Platz 19 (18) Athletic Club

Bilanz: 22-8-12
La Liga: 4. Platz
Copa del Rey: Aus im Viertelfinale gegen Atlético

„The Rain in Spain“ oder auf deutsch „Es grünt so grün, wenn Spaniens Blüten blühen“, ist ein Song aus dem Musical My Fair Lady und dieser lyrische Beginn drückt unsere besondere Wertschätzung für La Liga aus. Die blühenden spanischen Landschaften in der Europarangliste werden von Athletic Bilbao eröffnet. Das Team von Trainer Ernesto Valverde war in dieser Saison nie schlechter als Platz 6 positioniert und ist seit dem 15. Spieltag durchgehend Tabellenvierter. Seit Januar belohnen auch wir die Basken mit einem Platz in der Europarangliste. Vor allem deshalb, weil es Valverde gelang, mit nur 15 Millionen Euro Transferausgaben ein funktionierendes Team aufzustellen, das im 4-2-3-1 mit gutem Pressing und körperlichem Spiel zur vierten Kraft in Spanien geworden ist. Der 33-jährige Aritz Aduriz ist dabei mit 16 Toren der Goalgetter. Markel Susaeta legt die Bälle vor (12 Assists) und Aymeric Laporte spielte in der Abwehr mit 19 Jahren eine so starke Saison, dass halb Europa das französische Talent verpflichten will. Angeblich auch der FC Bayern München.

Platz 18 (17) Manchester United

Bilanz: 29-9-16
Champions League: Aus im Viertelfinale gegen Bayern München
Premier League: Siebter
FA Cup: Aus in der dritten Runde gegen Swansea City
League Cup: Aus im Halbfinale gegen Sunderland

Eine für die Red Devils enttäuschende Saison neigt sich dem Ende zu. Der letzte Heimsieg dieser seit 1989 schlechtesten Spielzeit brachte zumindest noch einmal einen Sieg. Das 3:1 gegen Hull City wahrt die letzte Chance, im nächsten Jahr zumindest in der Europa League dabei sein zu können. Dafür müssen die Red Devils einen Dreier am letzten Spieltag beim FC Southampton einfahren und auf eine Heim-Niederlage von Tottenham Hotspur gegen Aston Villa hoffen. Die Hoffnung auf den großen Louis van Gaal als Trainer für die nächste Spielzeit scheint sich derzeit zu erfüllen. Van Gaal legte einst den Grundstein für die so erfolgreiche Mannschaft des FC Bayern München und seine guten Kontakte zu den Bayern werden derzeit von der Presse zum Anlass genommen, jeden halbwegs unzufrieden wirkenden Spieler mit Manchester United in Verbindung zu bringen.

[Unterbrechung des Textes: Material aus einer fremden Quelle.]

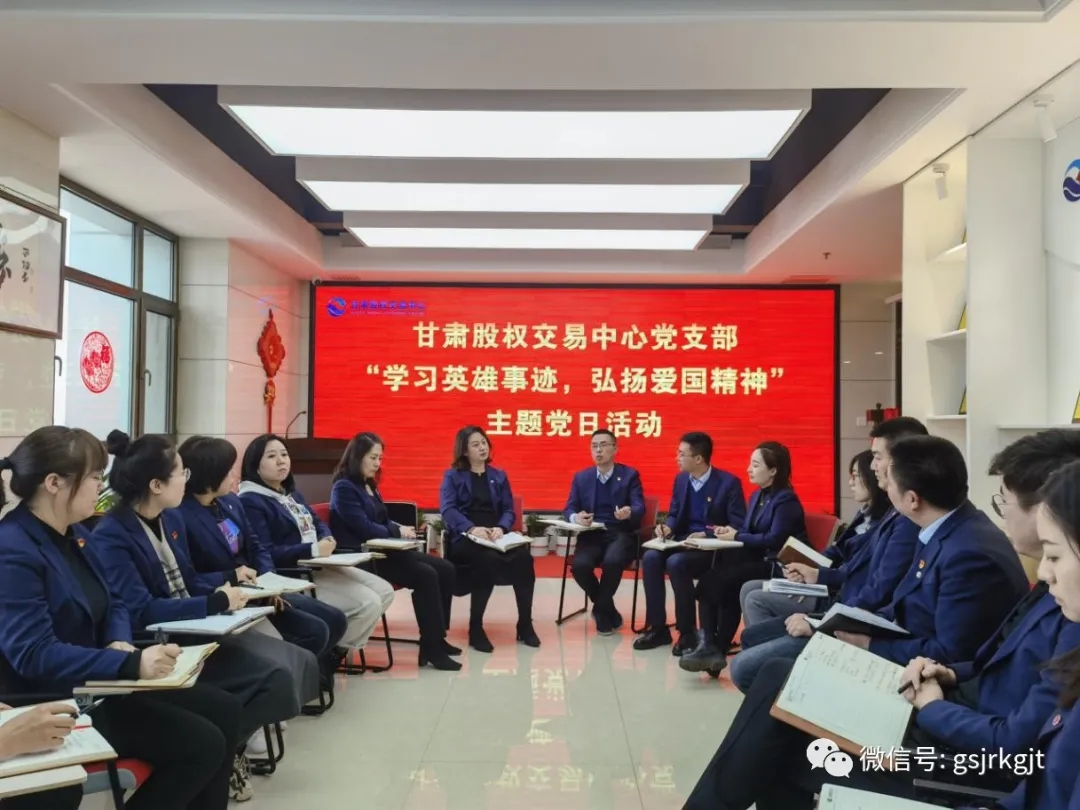 近日,甘肅股權(quán)交易中心黨支部開展“學(xué)習(xí)英雄事跡,弘揚(yáng)愛國(guó)精神”主題黨日活動(dòng)。學(xué)習(xí)戍邊衛(wèi)國(guó)英雄先進(jìn)事跡,弘揚(yáng)偉大愛國(guó)主義和革命英雄主義精神。
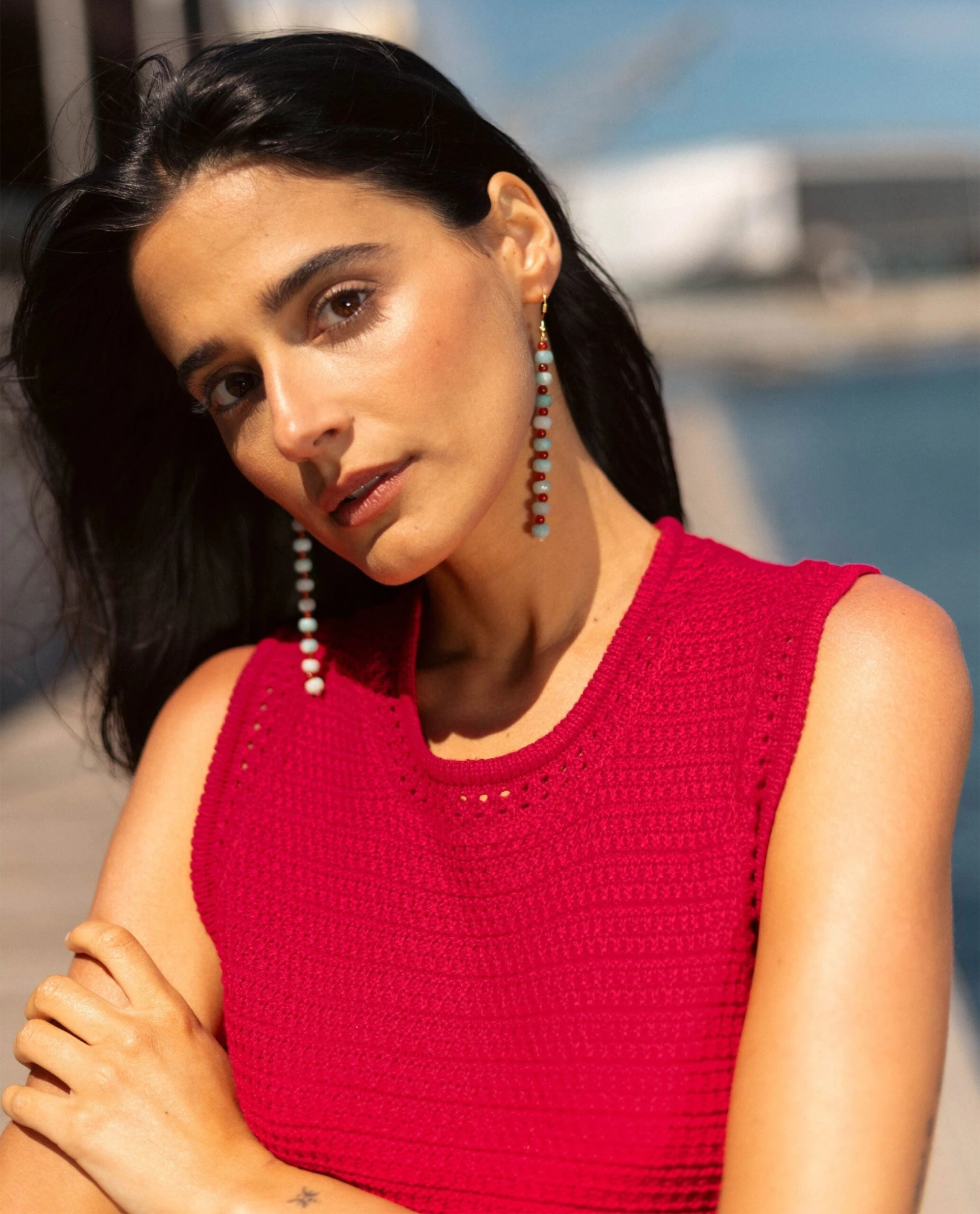 Pendientes largos con piedras naturales.[readmore]Los pendientes perfectos para dar el toque especial a cualquier look. Con 10 cm de largo, combinan piedras de amazonita y cornalinas, creando un juego de color súper favorecedor. Son muy ligeros, así que los podrás llevar durante horas sin notar que los llevas puestos. El baño dorado sobre acero inoxidable los hace resistentes y duraderos. Quedarán genial tanto para eventos como para looks más casuales.

Zumindest bei Toni Kroos könnte ein Fünkchen Wahrheit drin stecken, denn der verlängerte bisher bekanntlich in München nicht. Während Interims-Trainer und Clublegende Ryan Giggs vermutlich sein letztes Heimspiel (sein 963. Auftritt im Trikot der Red Devis) bestritt, betrat gegen Hull City ein vielversprechender Youngster die Premier League-Bühne und traf gleich doppelt. Der 18-jährige James Wilson sorgte gleich beim Debüt für Furore und könnte in der nächsten Saison von der Trikotnummer 47 erfolgreich downgraden. In der nächsten Saison wird mit Manchester United wieder zu rechnen sein. Die Auftritte in der Champions League in dieser Spielzeit zeigten, dass der Tabellenplatz nicht ganz die Leistungsfähigkeit des Kaders widerspiegelt. Dennoch ist eine Verjüngungskur gerade der Abwehr und das Problem der Spieleröffnung die Hausaufgabe für welchen Trainer auch immer. Mit Toni Kroos wäre zumindest eins dieser Problemfelder so gut wie gelöst.

Platz 17 (16) Everton

Bilanz: 24-9-10
Premier League: Fünfter
FA Cup: Aus im Viertelfinale gegen Arsenal
League Cup: Aus in der dritten Runde gegen Fulham

Hätte man dem Toffees vor der Saison gesagt, dass Liverpool um die Meisterschaft mitspielt, die Fans hätten einem kollektiven einjährigen Winterschlaf zugestimmt. Allerdings hätten sie dann verpasst, dass sich ihr Club vor Tottenham Hotspur und Manchester United für die Europa League qualifiziert. Während der Trainerwechsel bei den Red Devils scheiterte und David Moyes schon wieder ersetzt wurde, schlug der Moyes-Ersatz bei Everton voll ein. Roberto Martínez spielte zuletzt gegen Man City ein 3-4-3-System, meist läuft sein Team aber in einer 4-2-3-1-Formation auf. 40 Prozent der Angriffe werden über die starke linke Seite gefahren. Dabei spielt vor allem Linksverteidiger Leighton Baines eine wichtige Rolle, für den Everton vor der Saison ein Transferangebot von Man Utd ausschlug. Im Mittelfeld stellt Martínez immer wieder um und überrascht seine Gegner. Die taktische Variabilität spricht für den 40-Jährigen und lässt ihn für andere Clubs interessant werden. Gerüchten zufolge soll Tottenham den Spanier, der schon als aktiver Spieler 1995 nach England wechselte, auf dem Wunschzettel haben.

Platz 16 (19) FC Sevilla

Bilanz: 25-13-14
Europa League: Im Finale gegen Benfica
La Liga: Fünfter

Copa del Rey: Aus in der vierten Runde gegen Racing Santander

Man kann sicherlich darüber streiten, ob unterdrückter Jubel nach Toren gegen Ex-Vereine ein Ausdruck von Fairness oder reine Show ist. Unai Emery hält von dieser Sitte offensichtlich wenig, denn sein Jubellauf auf dem Rasen in Valencia nach Stéphane Mbias Anschlusstreffer in der vierten Minute der Nachspielzeit war die Szene des Halbfinals der Europa League. Sevilla hatte das Hinspiel 2:0 gewonnen, lag nach drei in der Entstehung unglücklichen Toren im Mestalla mit 0:3 zurück und schaffte durch Mbias Treffer den späten Einzug ins Finale nach Turin. Von 2008 bis 2012 hatte Emery als Trainer in Valencia gearbeitet. Gegen Benfica im Finale könnte er nun den ersten bedeutenden Titel seiner Karriere feiern.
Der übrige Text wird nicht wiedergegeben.